* Exercise directions *
A faithful copy of the data below is required, leaving out every picture.

* Given material *
■ ■ ■ ■ ■

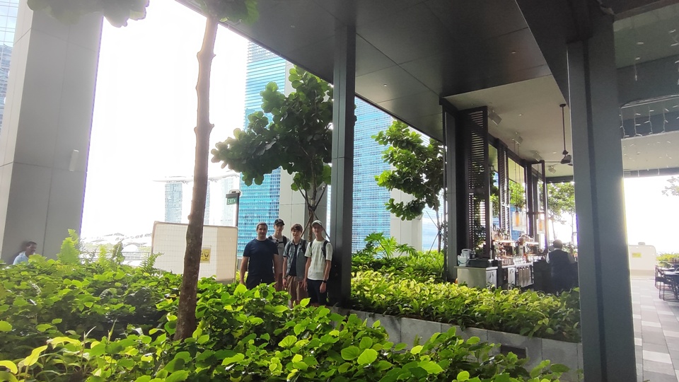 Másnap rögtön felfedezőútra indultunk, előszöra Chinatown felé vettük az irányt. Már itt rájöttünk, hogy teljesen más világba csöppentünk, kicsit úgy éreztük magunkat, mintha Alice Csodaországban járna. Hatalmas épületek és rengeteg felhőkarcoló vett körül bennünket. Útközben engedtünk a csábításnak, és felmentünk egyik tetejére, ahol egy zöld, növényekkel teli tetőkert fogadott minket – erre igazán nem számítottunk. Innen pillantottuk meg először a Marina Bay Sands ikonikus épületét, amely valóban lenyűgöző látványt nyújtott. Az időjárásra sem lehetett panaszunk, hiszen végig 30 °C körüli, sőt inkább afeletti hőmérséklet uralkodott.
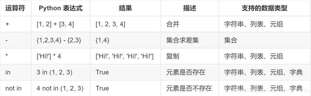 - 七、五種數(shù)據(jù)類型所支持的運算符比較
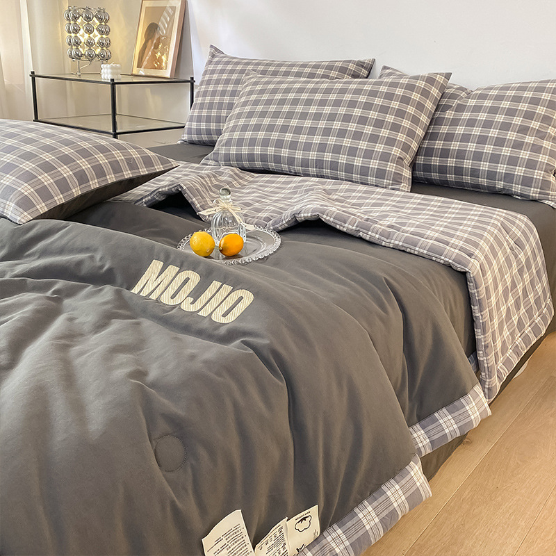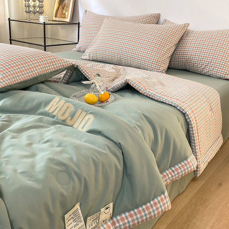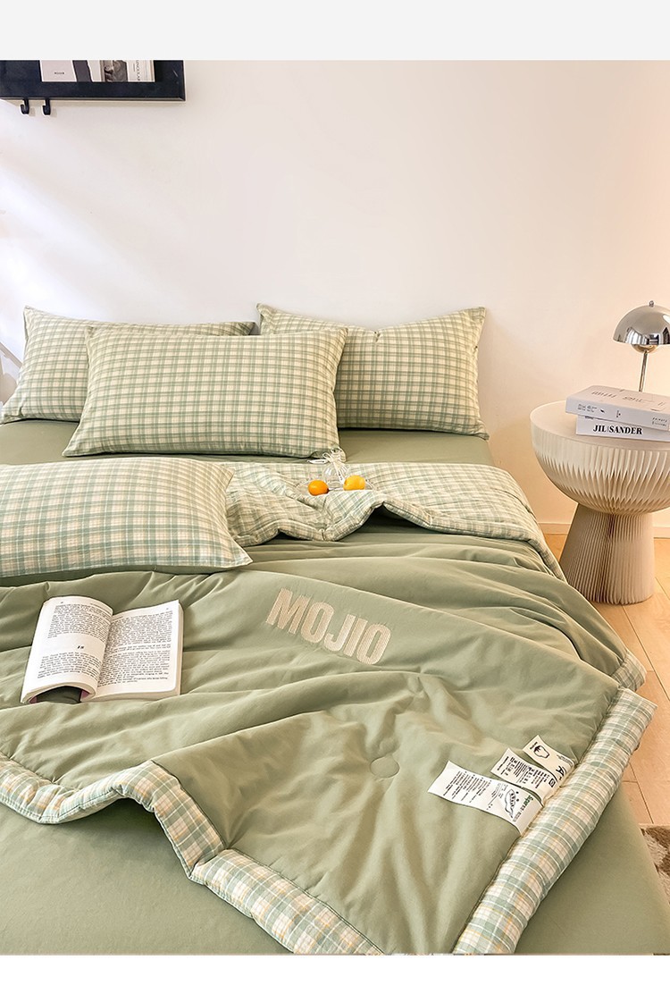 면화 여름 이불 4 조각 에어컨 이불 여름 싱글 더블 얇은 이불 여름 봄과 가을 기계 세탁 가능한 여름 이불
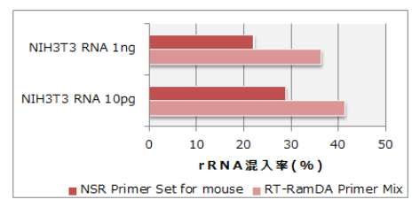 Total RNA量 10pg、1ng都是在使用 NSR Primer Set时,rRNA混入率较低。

■ ■ ■ ■ ■

* Result of the task *
 Másnap rögtön felfedezőútra indultunk, előszöra Chinatown felé vettük az irányt. Már itt rájöttünk, hogy teljesen más világba csöppentünk, kicsit úgy éreztük magunkat, mintha Alice Csodaországban járna. Hatalmas épületek és rengeteg felhőkarcoló vett körül bennünket. Útközben engedtünk a csábításnak, és felmentünk egyik tetejére, ahol egy zöld, növényekkel teli tetőkert fogadott minket – erre igazán nem számítottunk. Innen pillantottuk meg először a Marina Bay Sands ikonikus épületét, amely valóban lenyűgöző látványt nyújtott. Az időjárásra sem lehetett panaszunk, hiszen végig 30 °C körüli, sőt inkább afeletti hőmérséklet uralkodott.
 - 七、五種數(shù)據(jù)類型所支持的運算符比較
 면화 여름 이불 4 조각 에어컨 이불 여름 싱글 더블 얇은 이불 여름 봄과 가을 기계 세탁 가능한 여름 이불
 Total RNA量 10pg、1ng都是在使用 NSR Primer Set时,rRNA混入率较低。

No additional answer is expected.